Einige davon sind hierzulande nicht offiziell als Lebensmittel zugelassen – häufig aus regulatorischen Gründen. Sie können dennoch legal erworben und bei entsprechender Qualität sicher verwendet werden. Beispiele sind Jiaogulan, das meist als Tee angeboten wird, oder die Schmetterlingstramete, die auch in deutschen Wäldern vorkommt.
Nach Vorbild von Dr.
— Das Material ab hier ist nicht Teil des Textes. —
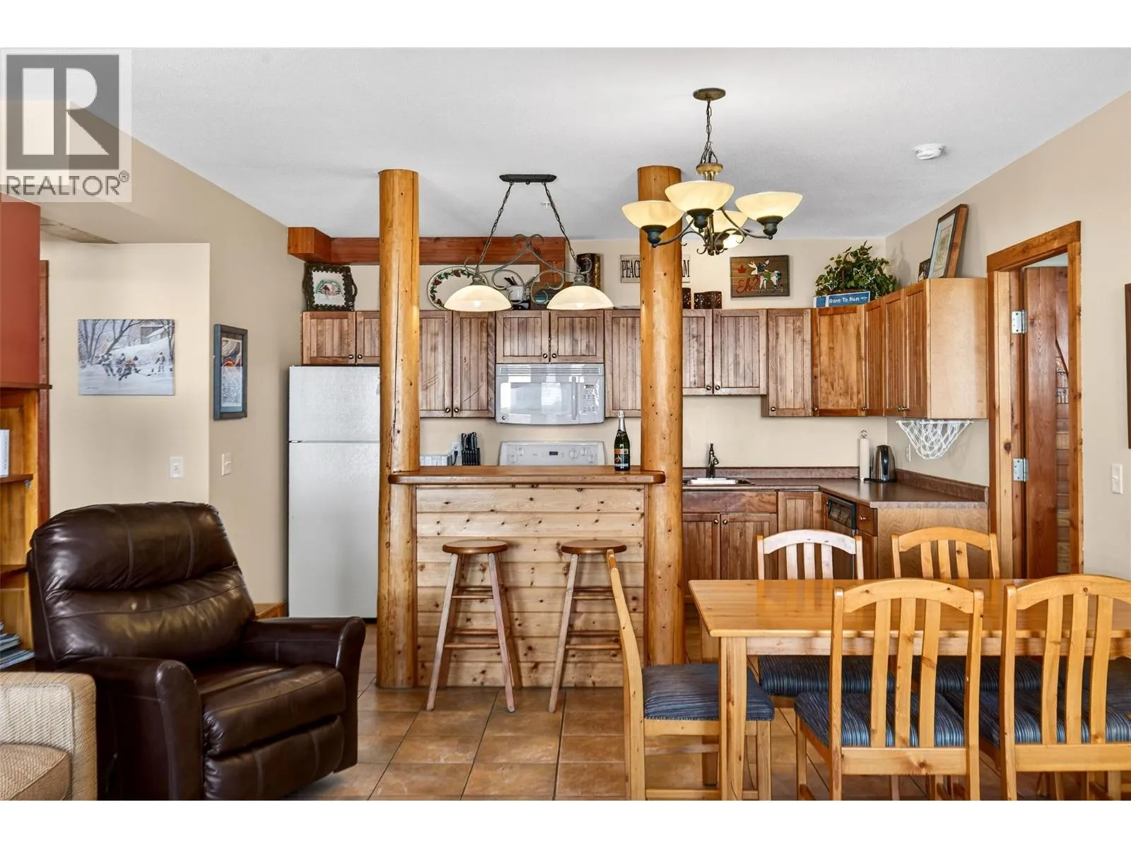 Welcome to The Grizzly, one of Big White’s most iconic and sought-after lodges. This two bedroom, two bathroom corner suite perfectly captures the spirit of “”Big White”” and is ready for you to move right in. Experience the warmth of mountain living in a fully furnished space designed for comfort. The open-concept floor plan features a nicely equipped sit-up bar

Berndt Rieger sind die Adaptogene in die fünf besagten Kategorien eingeteilt – dies hilft Dir bei der Einschätzung, welches für Dich geeignet sein könnte.
Hormonbildner
- Ashwagandha
- Koreanischer Roter Ginseng (Panax Ginseng)
- Maca
- Bockshornklee
- Yamswurzel
- Mönchspfeffer
- Rotklee
- Shatavari
- Süßholz
Nervenstärker
- Baldrian
- Brahmi/Bacopa
- CBD-Öl/Hanf
- Ginkgo
- Lavendel
- Johanniskraut
- Löwenmähne
- Reishi
- Rosenwurz
- Rosmarin
- Passionsblume
Anti-Ager
- Baobab
- Chaga
- Holunderbeeren
- Jiaogulan
- Moringa
- Sanddornbeere
- Schmetterlingstramete
Immunbooster
- Camu-Camu
- Cordyceps
- Mandelpilz
- Noni
- Echinacea/Purpur-Sonnenhut
- Tragant
- Tulsi
Aktivatoren
- Kakao
- Schisandra
- Suma
- Taigawurzel
Gute und etablierte Kombinationen
- Steigerung der Libido, Sexualfunktion und sportliche Leistung (Männer): Cordyceps + Ashwagandha
- Steigerung der Libido, Sexualfunktion und sportliche Leistung (Frauen): Cordyceps + Rosenwurz
- Schlafförderung: CBD-Öl + Reishi + Lavendel/Baldrian
- Konzentrationsförderung am Nachmittag: Taigawurzel + Kakao
- Stärkung des Immunsystems: Reishi + Chaga + Cordyceps + Mandelpilz
- Konzentrationsförderung allgemein: Ginkgo + Bacopa + Löwenmähne
- Super-Antioxidation: Jiaogulan + Reishi + Chaga
- Nebennierenstärkung: Roter Ginseng + Süßholz + Cordyceps
- Stimmungsaufhellung: Passionsblume + Rosenwurz oder Johanniskraut + Baldrian
17 Adaptogene unter der Lupe
Im Anschluss gehe ich auf ausgewählte Adaptogene genauer ein – inklusive Anwendungsempfehlungen, Studienlage und ergänzenden Praxiserfahrungen.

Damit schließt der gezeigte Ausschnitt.